I apoligize if this is a stupid/obvious question, but last night I was wondering how we can compute limits for factorials of negative integers, for instance, how do we evaluate:
$\lim_{x\to-3}\frac{x!}{(2x)!}=-120$
Neither $x!$, nor $(2x)!$ are defined for $x\in\mathbb{Z}^{-}$, and indeed, both are singularities according to the graph of $\Gamma(x+1)$.
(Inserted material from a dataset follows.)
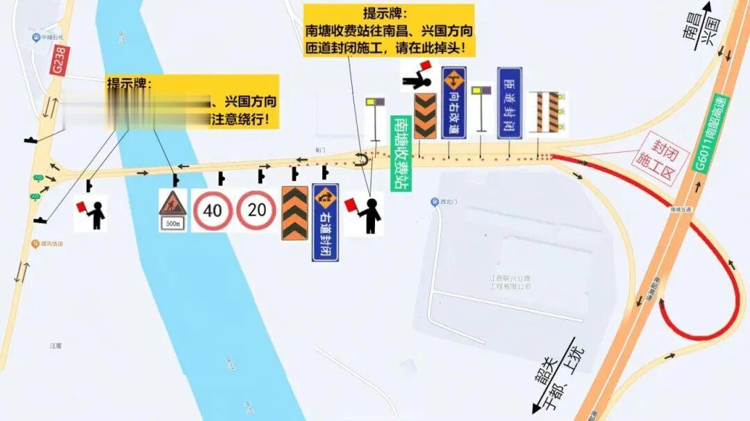 2025年10月28日06时至18时,同时封闭南塘收费站往南昌、兴国方向以及韶关、于都、上犹往南塘收费站方向匝道。

The book I am reading calculates this using a previously shown identity that:
$F\left(\left.{1-c-2n,-2n \atop c}\right|-1\right)=(-1)^{n}\frac{(2n)!}{n!}\frac{(c-1)!}{(c+n-1)!},\space\forall n\in\mathbb{Z}^{*}$
And then, the more general Kummer's Formula:
$F\left(\left.{a,b \atop 1+b-a}\right|-1\right)=\frac{(b/2)!}{b!}(b-a)^{\underline{b/2}}$
It then shows that they would only produce consistent results if:
$(-1)^{n}\frac{(2n)!}{n!}=\lim_{b\to-2n}{\frac{(b/2)!}{b!}}=\lim_{x\to-n}{\frac{x!}{(2x)!}},\space n\in\mathbb{Z}^{*}$
It then gives the example of $n=3$, proving that:
$\lim_{x\to-3}{\frac{x!}{(2x)!}}=-\frac{6!}{3!}=-120$
However, using Wolfram|Alpha, I can see that there are other such limits defined (such as $\lim_{x\to-3}{\frac{x!}{(8x)!}}=-103408066955539906560000$.
Without using the hypergeometric series, how could we evaluate limits such as these?
Again, sorry if this is a stupid question, thanks in advance!